Another reason to perform checkpoints is to clear log-records from stable storage as it gets full. Since checkpoints cause some loss in performance while they are being taken, their frequency should be reduced if fast recovery is not critical. If we need fast recovery checkpointing frequency should be increased. If the amount of stable storage available is less, frequent checkpointing is unavoidable. Checkpoints have no effect on recovery from a disk crash; archival dumps are the equivalent of checkpoints for recovery from disk crashes. 6. When the system recovers from a crash, it constructs an undo-list and a redo-list. Explain why log records for transactions on the undo-list must be processed in reverse order while those log records for transactions on the redo-list are processed in a forward direction. Ans: The first phase of recovery is to undo the changes done by the failed transactions, so that all data items which have been modified by them get back the values they had before the first of the failed transactions started. If several of the failed transactions had modified the same data item, forward processing of log-records for undo-list transactions would make the data item get the values which it had before the last failed transaction to modify that data item started.

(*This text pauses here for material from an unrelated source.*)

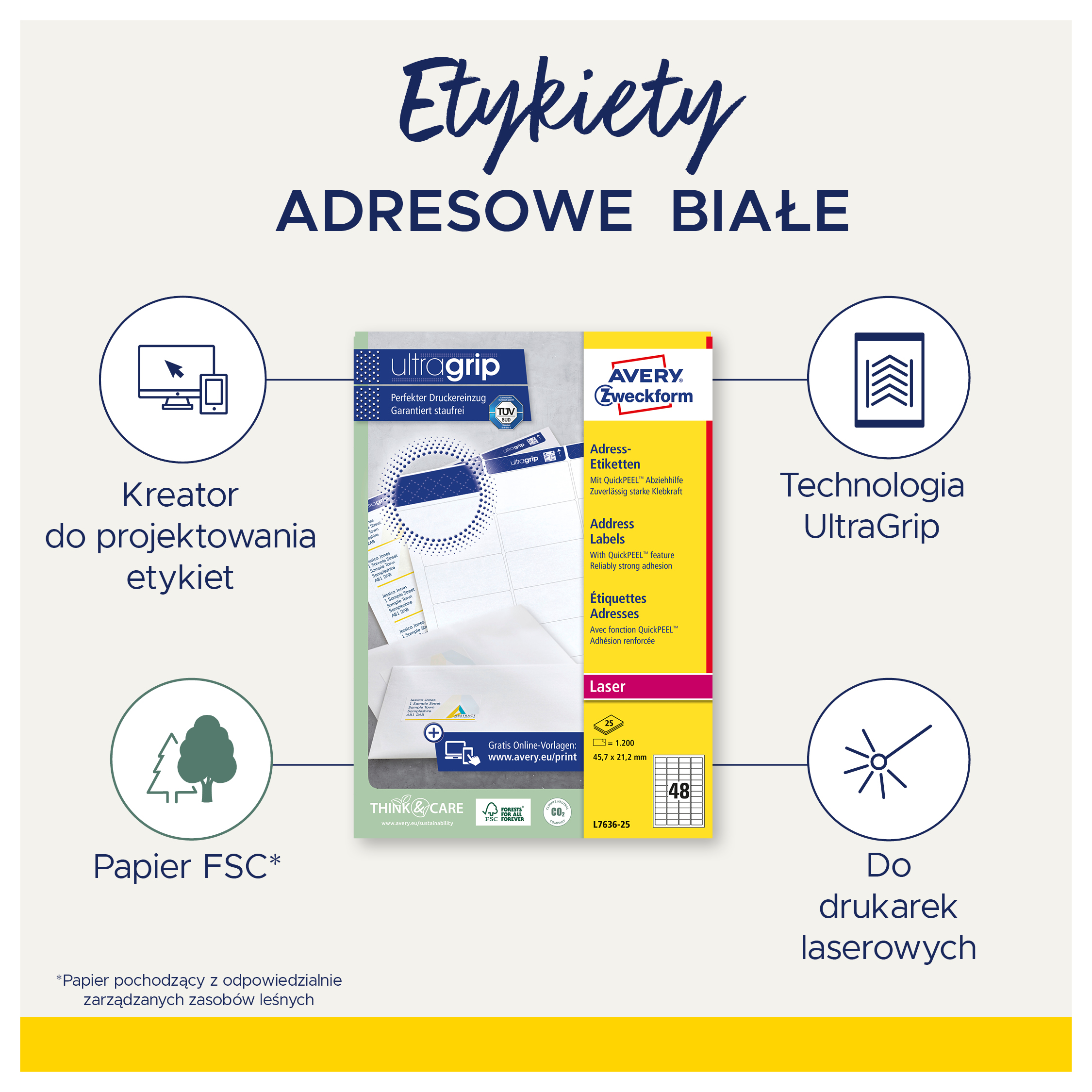 • Oszczędzaj czas z darmowymi i łatwymi w użyciu szablonami Avery Zweckform oraz oprogramowaniem dostępnym na stronie www.avery-zweckform.pl

This is clearly wrong, and we can see that reverse processing gets us the desired result. The second phase of recovery is to redo the changes done by committed transactions, so that all data items which have been modified by them are restored to the value they had after the last of the committed transactions finished. It can be seen that only forward processing of log-records belonging to redo-list transactions can guarantee this.